Exploring the Role of Interfacial Dzyaloshinskii-Moriya Interaction in Write Error Rate Anomalies of Spin-Transfer Torque Magnetic Tunnel Junctions

TL;DR

This paper investigates how interfacial Dzyaloshinskii-Moriya interaction influences write error rate anomalies in STT-MRAM, revealing that DMI causes incoherent switching and intermediate states, which can be mitigated by longer pulses.

Contribution

The study demonstrates the impact of interfacial DMI on WER anomalies in MTJs through micromagnetic simulations, highlighting interfacial engineering as a strategy for reliability improvement.

Findings

DMI promotes incoherent magnetization reversal.

High DMI values lead to persistent intermediate states.

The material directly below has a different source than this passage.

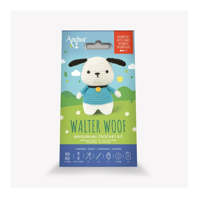 Os crocheteiros de nível intermédio vão adorar dar vida a este pequeno desenho do cão Walter. O kit contém tudo que você precisa para fazer seu amigurumi, incluindo fio 100% Algodão , linha, agulha de crochet, acessórios, enchimento e instruções.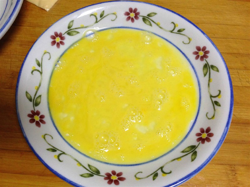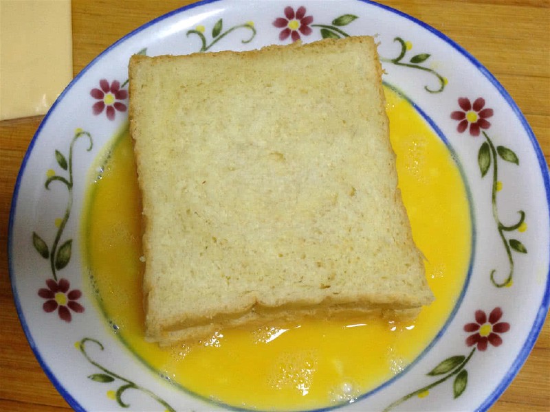 2、沾蛋液的时候,让吐司夹在蛋液中稍微停留下,让土司吸收更多的蛋液,吃起来蛋香味更浓。

Longer switching pulses reduce WER anomalies.

Abstract

The performance and reliability of spin-transfer torque magnetic random-access memory (STT-MRAM) can be compromised by anomalous switching behavior, especially during high-speed operations. One such anomaly, known as the "ballooning effect" is characterized by an unexpected non-monotonic increase in the write error rate (WER) with increase in STT current at specific current pulse durations. In this study, we systematically investigate the role of the interfacial Dzyaloshinskii-Moriya interaction (DMI) on such WER anomaly using micromagnetic simulations of 20 nm and 50 nm magnetic tunnel junctions (MTJs). We show that DMI promotes incoherent magnetization reversal, prolongs the switching time and creates intermediate multidomain states that result in incomplete reversal. At high DMI values, these states persist even under large switching current densities, reproducing ballooning-like anomalies reported experimentally. In contrast, longer pulses overcome these effects by allowing the system sufficient time to reach a stable state. Our findings show that interfacial DMI can play a role in the ballooning effect and point to interfacial engineering as a practical strategy for improving the reliability of next-generation STT-MRAM.